Uno de ellos llevaba de la brida a un espléndido caballo francés, que era del prisionero.

—¡Véndeme el caballo!— gritó Denísov al cosaco.

—Con mucho gusto, Excelencia.

Los oficiales se levantaron y rodearon al cosaco y al dragón, un joven alsaciano que hablaba el francés con acento alemán. Parecía sofocado por la emoción; su rostro estaba enrojecido y al oír hablar en francés explicó rápidamente a los oficiales, ya a uno, ya a otro, que no lo habrían cogido, que no era suya la culpa de que lo aprisionaran, sino del caporalque lo había enviado en busca de unos arreos, aunque él mismo le había dicho que los rusos estaban allí. A cada palabra añadía: “Mais qu’on ne fasse pas de mal à mon petit cheval”, 226al tiempo que lo acariciaba. Era evidente que no comprendía su situación. Unas veces se excusaba de haber sido hecho prisionero; otras, imaginando hallarse delante de sus superiores, alardeaba de su diligencia en el cumplimiento del deber. Llevaba consigo, a la retaguardia rusa, la atmósfera propia del ejército francés, tan extraña para las tropas rusas.
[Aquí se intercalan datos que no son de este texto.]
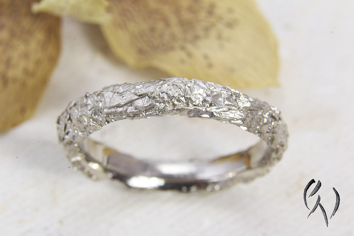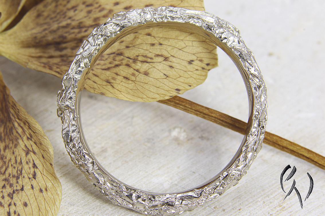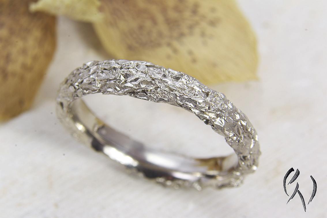 Dieser Ring aus Weißgold 585/- hat eine absolut außergewöhnliche Oberfläche: Außen ist er völlig zerknittert. Diese Oberfläche wurde von mir entwickelt und macht diesen Ring zu etwas ganz Besonderem. Die Innenseite ds Ringes ist jedoch weich abgerundet und damit angenehm zu tragen.

Los cosacos vendieron el caballo por dos luises, y Rostov, que con dinero fresco era el más rico de los oficiales, lo adquirió.

—Mais qu’on ne fasse pas de mal à mon petit cheval!— dijo bonachonamente el alsaciano a Rostov, cuando el animal pasó a manos del húsar.

Rostov, con una sonrisa, tranquilizó al dragón y le entregó algún dinero.